Machine Learning vs Machine Learning in Malware Evasion (available)

Starting Date: Summer 2019
Duration: 10-12 weeks
Time commitment: 20 hours a week
Prerequisites: Advanced knowledge of Python or similar language, some Machine Learning notions might be useful, knowledge of how malware works

Machine learning is a popular approach to signature-less malware detection because it can generalize to new (unseen) malware families. Some recent works have proposed the use of AI/ML-powered malware to bypass machine learning anti-malware systems.

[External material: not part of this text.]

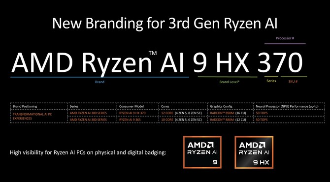 另一个锐龙AI 9 365处理器同样定位高端型号,拥有10核心20线程,二级缓存10MB,三级缓存仍为24MB,最 高频率5.0GHz。GPU为Radeon 880M,12个CU单元,NPU算力50TOPS保持一致。两个型号的处理器TDP热设计功耗都是18W,可调范围18~54W。相信大家也发现了,这次的新品在命名规则上也有所变化,通过名称和型号可以看到,Ryzen AI是凸显 AI 属性,数字 9 依然是该系列的顶 级型号,值得一提的是,“HX”代表品牌级别,但它并不表示芯片消耗多少瓦的功率。相反,HX将简单地指“堆栈顶部”或最 好和最 快的Ryzen AI 300芯片。也就是说我们依然可以通过数字大小来区分各个型号的性能。

The goal of the project is to model the system of malware vs anti-malware systems as two opponents using various AI/ML strategies to bypass (i.e., evade) the other side. For instance, by exploiting reinforcement learning through a series of games played against the anti-malware system, a malware learns which sequences of operations are likely to result in evading the anti-malware, or vice-versa, the defender might mutate their strategy to bypass the evasive techniques of the malware, and so on and so forth. The goal of the project is to understand how this interactive ML vs ML system (modelled as a set of games) evolves, e.g. whether it converges to a stable state (and who benefits from this state: attackers or defenders?) or to a never-ending game, or whether the convergence (if any) depends on some initial assumptions (e.g., threat models).

Some references:

https://arxiv.org/abs/1801.08917
https://github.com/endgameinc/gym-malware
https://i.blackhat.com/us-18/Thu-August-9/us-18-Kirat-DeepLocker-Concealing-Targeted-Attacks-with-AI-Locksmithing.pdf
https://dl.acm.org/citation.cfm?id=3150378
https://arxiv.org/pdf/1811.01190.pdf
https://github.com/a0rtega/pafish
https://arxiv.org/abs/1712.03141